The process of the present invention accomplishes volume reduction and makes possible the safe disposal of bead ion exchange resin wastes of various types. In particular, low-level radioactive wastes containing bead ion exchange resins having activities within the range of less than about 0.1 to about 100 μCi/cm3 can be treated in accordance with the process of this invention. Such bead ion exchange resin wastes may contain any one or several of the radioactive isotopes frequently encountered in the wastes of nuclear power plants, principally isotopes of Cs, Co, or I, especially Cs134, Cs137, Co58, or I129, as well as other commonly encountered radioactive isotopes. Substantially all of the water, both the water on the surface of the ion exchange resin beads and the water inside the porous beads, is removed in order to produce a dry product which contains substantially no water. The bead ion exchange resin waste is contacted in the form of a finely atomized spray with a hot gas to vaporize the water from the waste. The water vaporized from the waste includes interstitial water, the water settled from the waste, and any additional water which has been added for producing a slurry. The water absorbed in the porous resin beads themselves is also removed, there being an equilibrium between the water on the surface of the beads and the water inside the beads. Under the conditions of the process of the present invention, this equilibrium is disturbed by evaporating the water from the surface of the beads and causing the water inside the beads to diffuse outwardly to the surface of the beads and, in turn, to also be evaporated.
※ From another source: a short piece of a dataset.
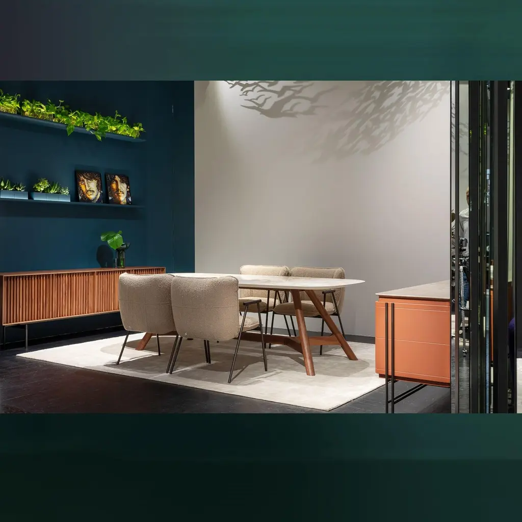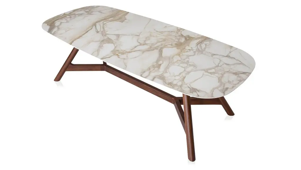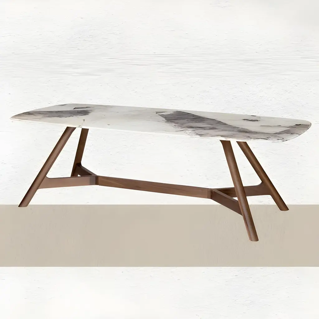 This dining table has a soap shaped top and a base in total solid walnut. The marble dining table has a unique way of joints in the base, rendering it a true design piece. Materials and finishes:Solid Walnut, Carrara White Marble.Dimensions:Width: 94.49 in. (240 cm)Depth: 43.31 in. (110 cm)Height: 29.53 in. (75 cm)We will be glad to check with the factory’s technical team if sizes, finishes, and colors can be customized.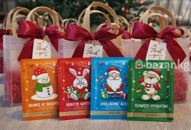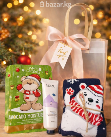 Подарочные наборы в новогоднем стиле Состав каждого набора: - Прозрачный матовый пакет с деревянными ручками, декоративным наполнителем и атласным бантом; бирка “Thank you”. - Носки с зимними принтами (олень/полярный мишка и др.) - Крем для рук - Тканевая увлажняющая маска для лица (иллюстрированные новогодние серии). Особенности: - Готовые к дарению: аккуратная упаковка, праздничное оформление. - Комбинация “уют + уход”: носки согревают, крем питает кожу рук, маска интенсивно увлажняет. - Разные варианты принтов носков, ароматов крема и масок (как на фото). Идея для небольшого сезонного презента коллегам, друзьям, учителям, на тайного Санту.

A suitable apparatus in which to carry out the process of this invention is a heated gas spray dryer. A hot gas is produced, for example, by burning a suitable gaseous liquid or solid fuel with an excess of an oxygen-containing gas such as air, oxygen-enriched air, or oxygen in a suitable burner. If desired, the hot gas can be provided by means of an electrically heated gas heater or other suitable means. The resulting hot gas is then introduced into the spray dryer at a rate to produce the desired temperature in the spray dryer.
Where a burner is used, any combustible gas such as natural gas or propane, liquid, such as fuel oil or kerosene, or solid fuel, such as coal or coke, can be used in the burner. Fuel oil is preferred as the fuel because of its lower cost and convenience. In any case, the hot gas which contacts the waste consists of a mixture of the oxidation products of the fuel used as well as any unreacted oxygen or air, depending upon the oxygen-containing gas selected. Where an electrically heated gas heater provides the hot gas, any gas of suitable heat capacity such as nitrogen, carbon dioxide, or air can be used.
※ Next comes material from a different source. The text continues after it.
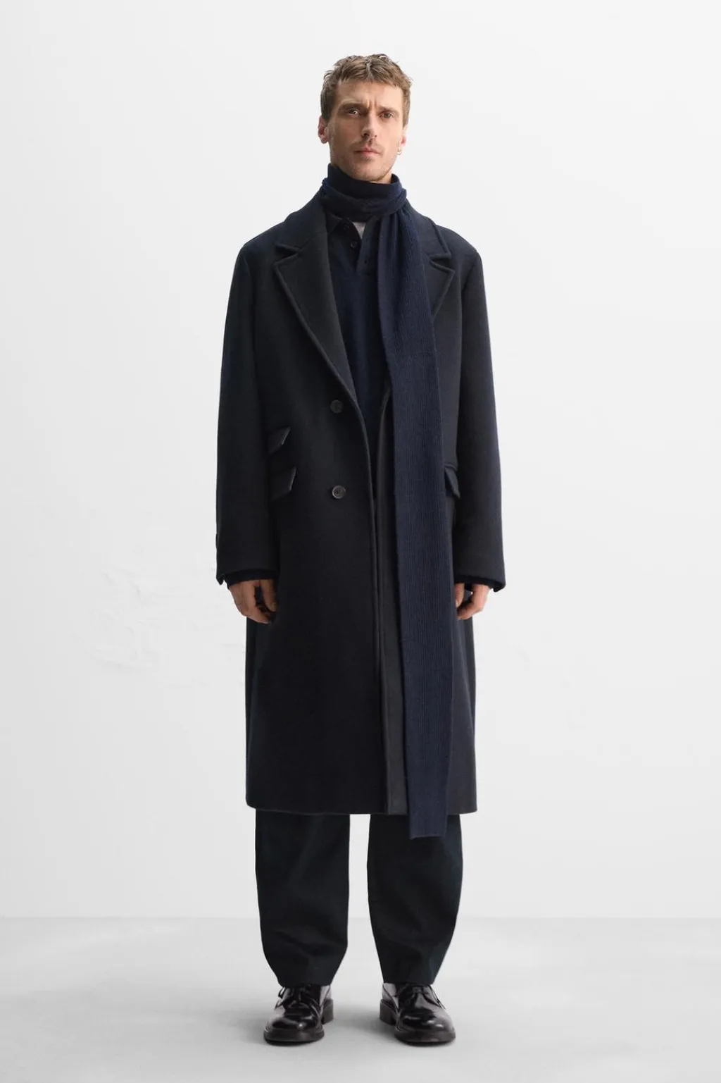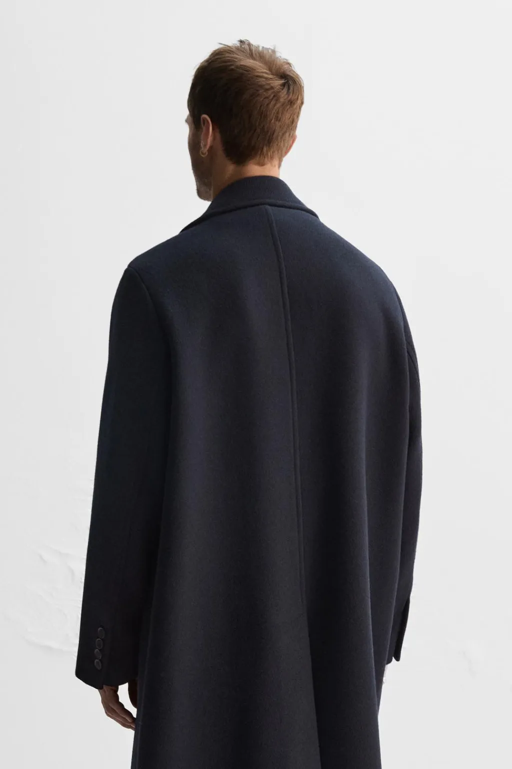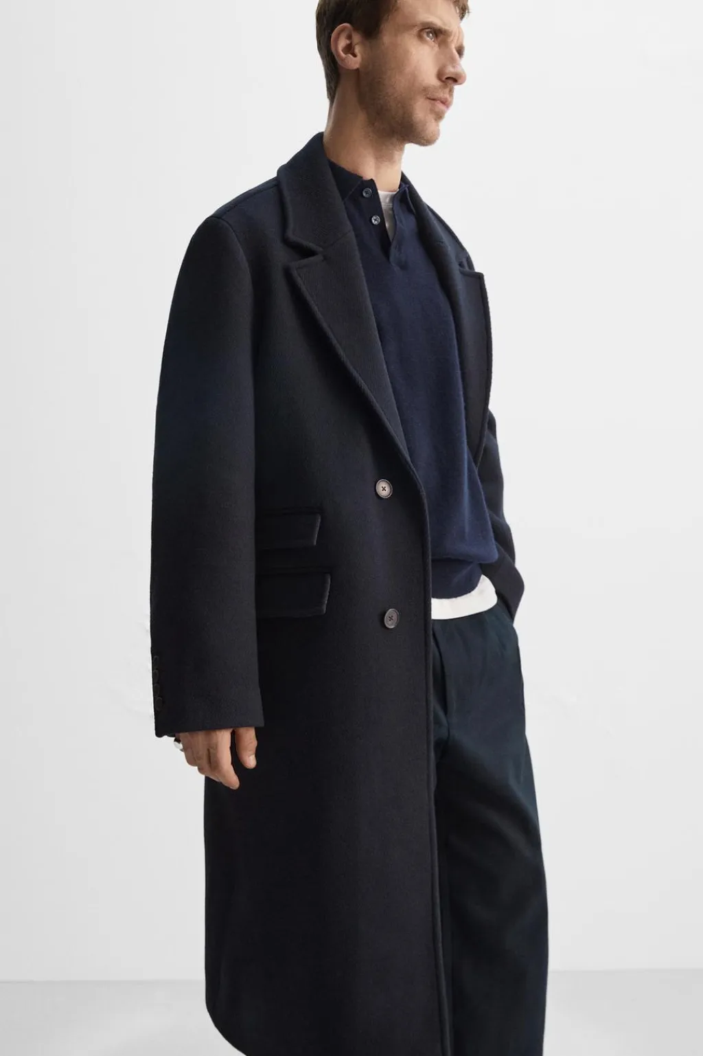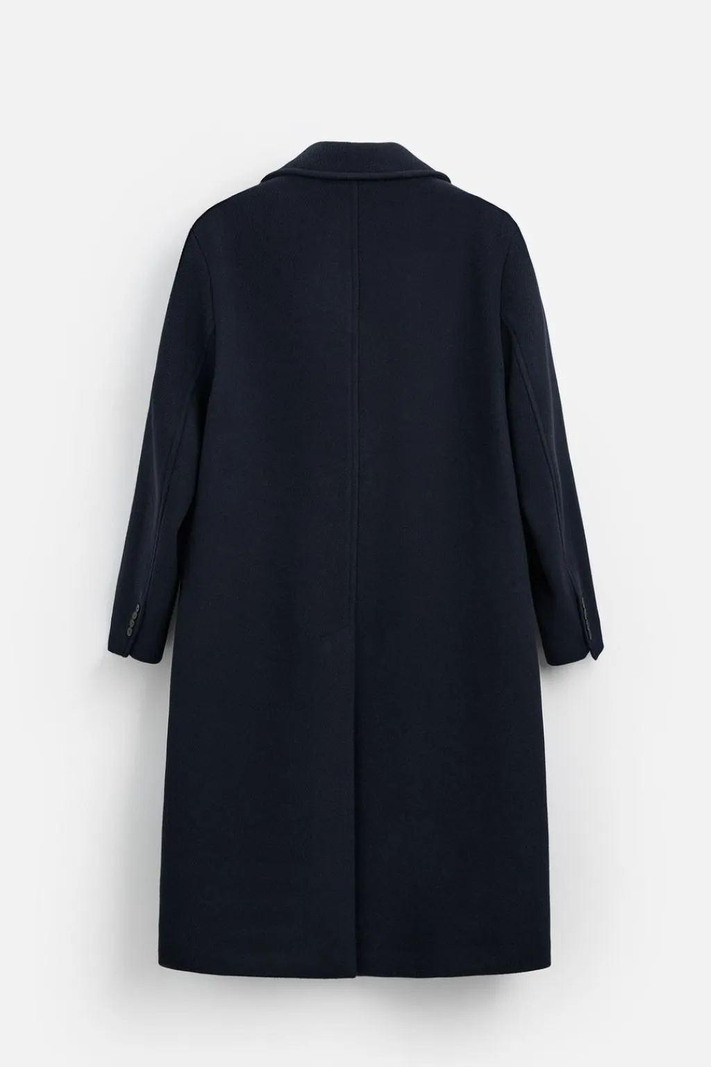 Abrigo relaxed fit confeccionado en tejido con lana. Cuello con solapas de muesca y manga larga acabada en puño con botones. Bolsillos con solapa en delantero. Bajo con abertura central en espalda. Cierre frontal de botonadura.

The temperature of the spray-drying zone is uniformly maintained in the range of about 200° to 450° C., and preferably in the range of about 300° to 350° C., by varying the rate of feeding the hot gas or the ion exchange resin beads into the spray dryer. Temperatures above about 450° C. result in undesired oxidation and destruction of the spray-dried bead ion exchange resin waste and the production of noxious off-gases or the unwanted volatilization of radionuclides. The upper temperature limit is also constrained by the equipment used for particulate removal. At outlet temperatures below about 200° C., the spray-dried ion exchange resin waste is not completely dry. It is, therefore, important that the temperature in the spray-drying zone be uniform so as to avoid the occurrence of unusually hot or unusually cold areas within the zone.
Residence times of about 3 to 12 seconds are suitably used in the process of the present invention. At temperatures within the preferred range, namely about 300° to 350° C., residence times of about 3 to 6 seconds are preferred. If the residence time is increased to about 5 to 10 seconds, the temperature can be lowered to about 275° to 325° C.
A finely atomized spray of the bead ion exchange resin waste being treated is introduced into the spray-drying zone by means of a suitable spray nozzle or other distribution means. The necessary degree of atomization can be achieved by varying the amount of water included in the waste, such as by slurrying the bead ion exchange resin waste in an amount of water to give the desired degree of atomization. Aqueous slurries of bead ion exchange resin wastes or wet bead ion exchange resins can be suitably treated by the process of the present invention.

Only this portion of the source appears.